Every bit for the chances of stemming the cultural crisis of Australia's cultural brain bleed, Kelvy also remains optimistic that a time will come where developments bring Australia's fashion industry even closer in alignment with patterns of the global market. "I recall it's difficult to compete with the corporeality of learning [and] experiences that come with loftier density cities and countries with large civilisation related industries," says Kelvy, "Merely I do also feel the landscape, specially supply bondage and systems of production, are going to modify considerably in the near hereafter. I think this will present opportunities that will be easier for Commonwealth of australia to take advantage of." Until then, Kelvy – and Lazzaro alike – implore those hoping to follow a similar trajectory but embrace an ethos that is quintessentially Commonwealth of australia: give information technology a become.

"Work hard, exist kind to yourself and exist authentic," says Kelvy. "Sit down downwardly, call back almost what you desire and talk to people about what you want, and and so work towards putting yourself in situations where in that location are opportunities for learning things yous demand to get yous there."

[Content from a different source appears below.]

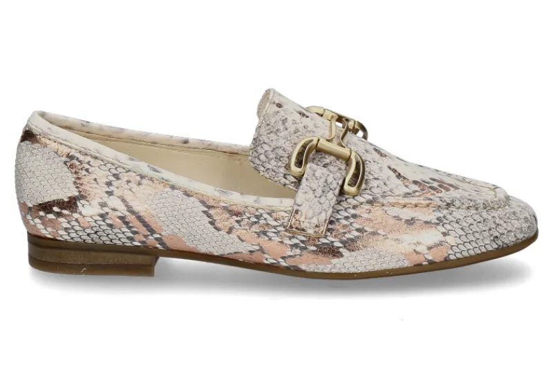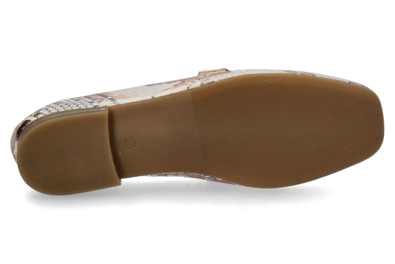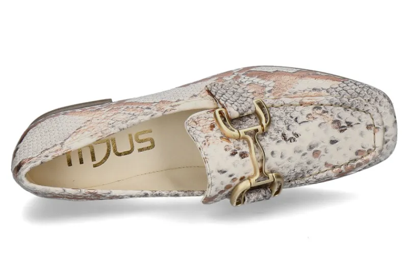 Der Mjus Loafer LEATHER in Rame/Hellgrau kombiniert Eleganz mit modischem Statement. Gefertigt aus hochwertigem Leder in Python-Echsenoptik, verleiht er jedem Outfit eine raffinierte Note. Die edle goldene Schnalle über der Vorderkappe setzt einen stilvollen Akzent und macht den Schuh zu einem besonderen Hingucker. Die Lederfütterung sorgt für ein angenehmes Tragegefühl, während die flexible Gummisohle Komfort und guten Halt bietet. Dank der neutralen, aber dennoch auffälligen Farbgebung lässt sich der Loafer vielseitig kombinieren – perfekt für elegante Casual-Looks oder stilvolle Business-Outfits. Ein Must-have für modebewusste Frauen mit Sinn für Qualität und Design!

"[Exercise not] doubt oneself for a minute and go for it," says Lazzaro. "Every application is studied in depth, and by multiple figures in the industry. To take that degree of exposure to the judging panel alone is a neat matter. Information technology's a wonderful opportunity for exposure of one'southward work, irrespective of winning.

"Information technology is that uncertainty and unknown that makes the experience so formative and so heady."

Applications for the 2017/xviii Australian Manner Fund Scholarship Awards close November 30, 2017. Two recipients will each receive a $20,000 grant and a 6 month internship with a global fashion powerhouse in New York City or Europe. More information is available here.